Aquinas and Zizioulas on the Doctrine of the Trinity
(‘Treatise on the Most Holy Trinity’ & ‘The Significance of the Cappadocian Contribution’ )
For Aquinas, the doctrine is very much relation based. There are two processions in his view ( ‘the Catholic Church understands procession as existing in God’ ) ; the procession of the Word, and the procession of Love as Spirit. ‘No other procession is possible in God but the procession of the Word, and of Love.’ The procession of the Logos is generation as He proceeds, due to intelligible action and intellectual likeness. Aquinas argues that when something ‘proceeds of the same nature’, they agree in the same order, and they therefore have real relations with each other. Aquinas claims that relation is the same as essence. ‘In God relation and essence do not differ.’ The central idea of relation seems to be distinction in God - as in each of the processions ( the Word and Love) there is distinction, and therefore two opposite relations occur. The term ‘individual substance’ simply means person (singular and rational), as opposed to the greek definition of substance which is ουσία. Aquinas writes that person signifies a relational ‘subsistent individual of a rational nature.’

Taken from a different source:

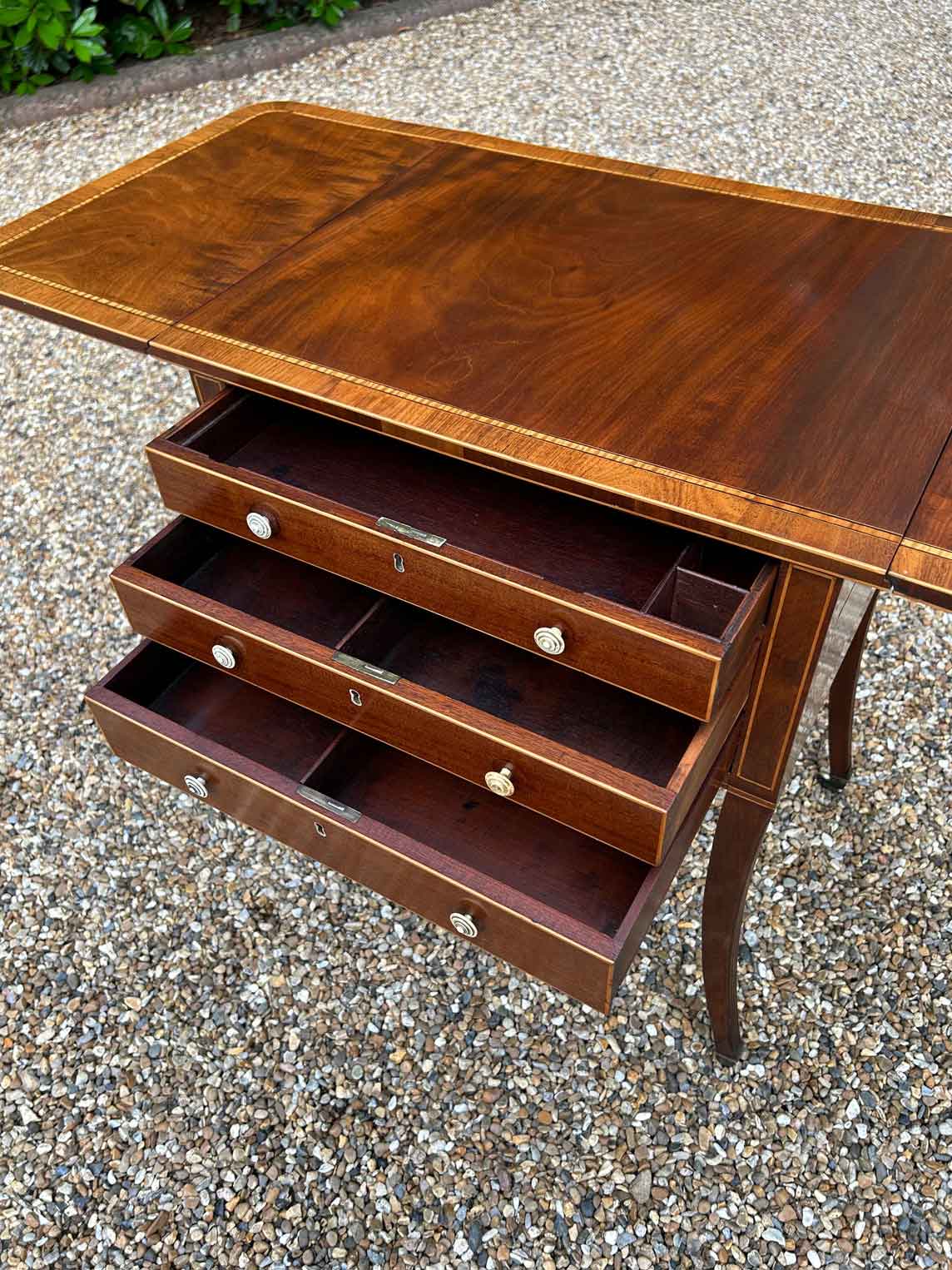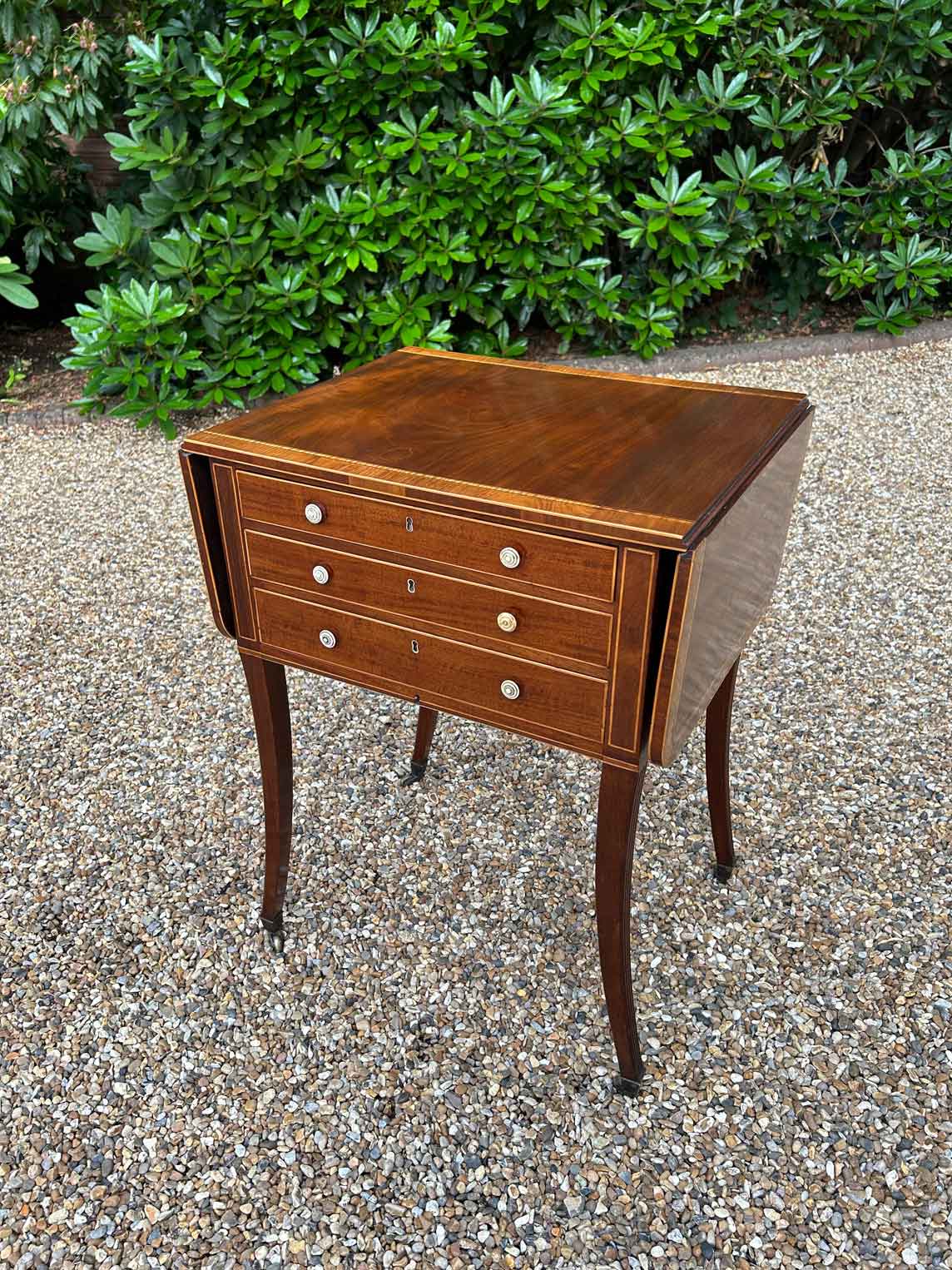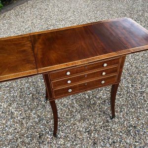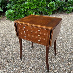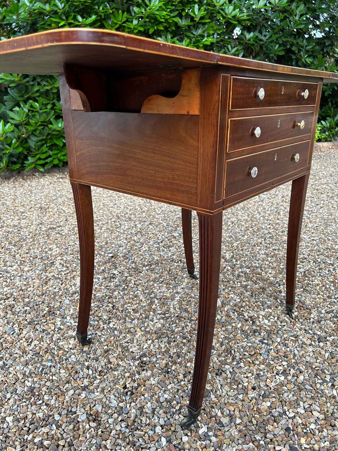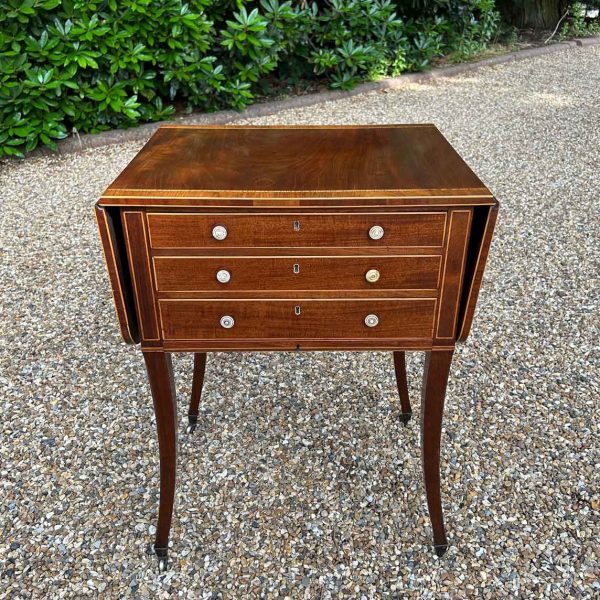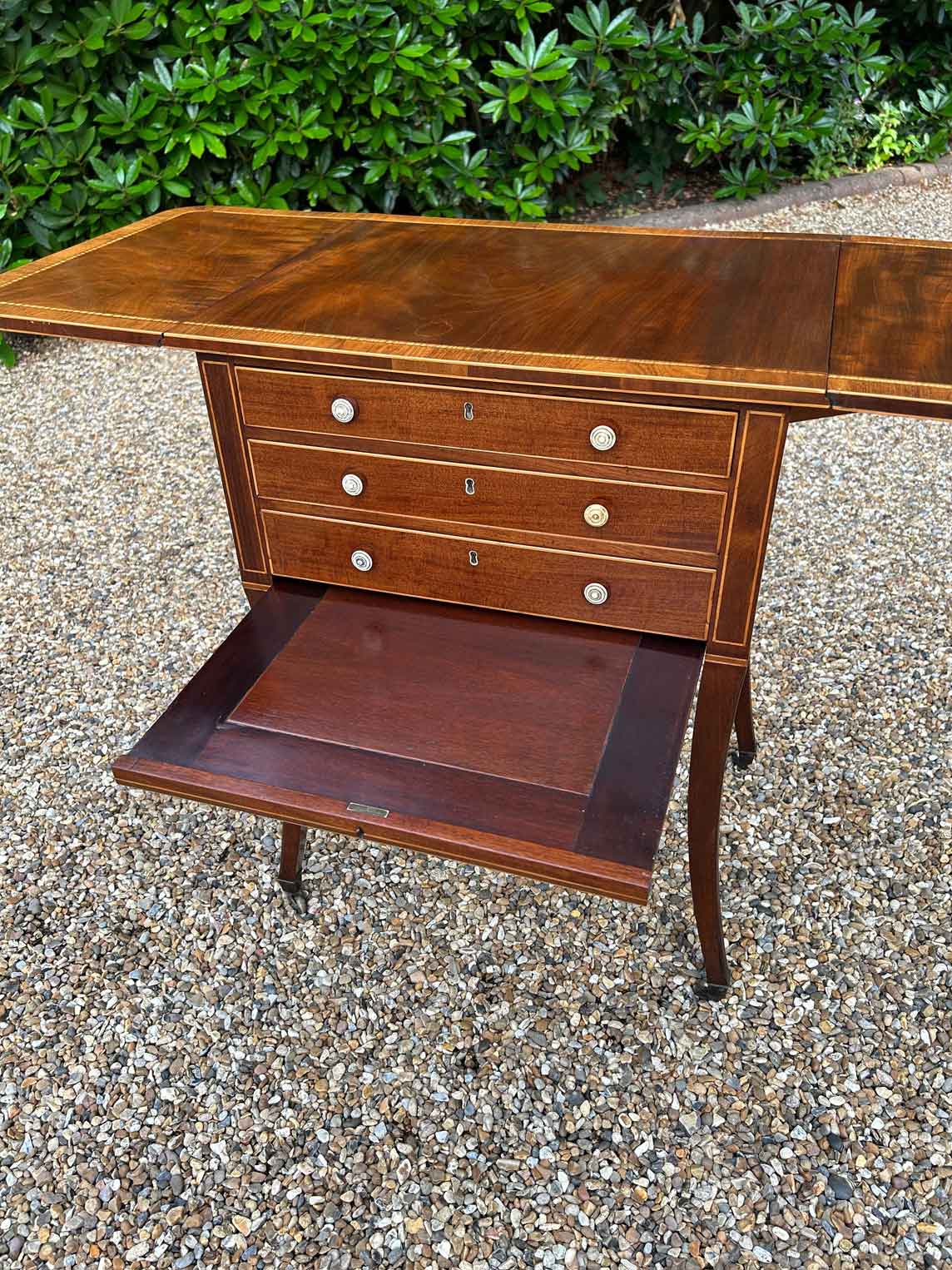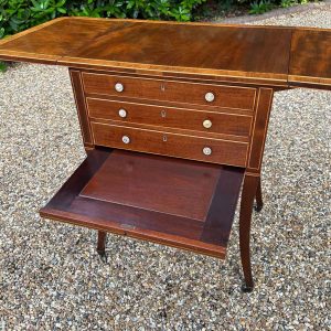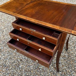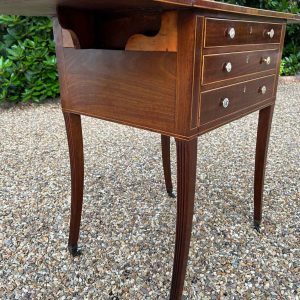 A very high quality George III Inlaid Mahogany Drop Leaf Occasional / Work Table, fitted with three mahogany lined drawers and swept out reeded legs with brass castors.

The Cappadocian doctrine of the Trinity is centred around personhood. As for God’s substance, Zizioulas writes that nothing can be said about it except that ‘it is one, undivided and absolutely simple and uncompounded.’ A person is defined through properties ( rather than nature/substance ). This is where the greatest difference between Aquinas’ view and Zizioulas’ theology unfolds - and that is with regard to substance. For Zizioulas there is a clear distinction between person and the substance/nature of God, and for Aquinas they ‘do not differ.’ Substance refers to created matter in the Cappadocian theology, and so the Triune God cannot be connected to such a phrase. The Three Persons ‘are not faced with a given substance, but exist freely.’ St Gregory of Nazianzus tells us that the cause of divine existence is the Father, which contradicts Aquinas’ view of necessary generation. St Gregory and St Cyril of Alexandria argue that the idea of generation is unnecessary, as there is The ‘Willing One’ - God the Father, Who is the cause of divine being. This is where we see the contrasting views of Eastern Orthodox, and western Theologies ( Creed of Nicaea ). A frequently asked question, is why or how is God Love? (1 John 4:8) Zizioulas’ piece answers this very beautifully - explaining that Love is a relationship, as it is breaking of one’s will, a free submission to the other, and therefore freedom. God is Love as He is Father, Son and Holy Spirit - a perfectly free, relational unity. Aquinas on the other hand, does not seem particularly aware of this connection, and concentrates on love being a procession in God, as opposed to God Himself ( by nature ) Zizioulas concludes his piece by highlighting how we can fulfil our personhood by ‘living according to the image of God’, in a full communion with Him, which leads to theosis ( complete unity with God ). This takes place through asceticism and a growing and loving relationship with Christ.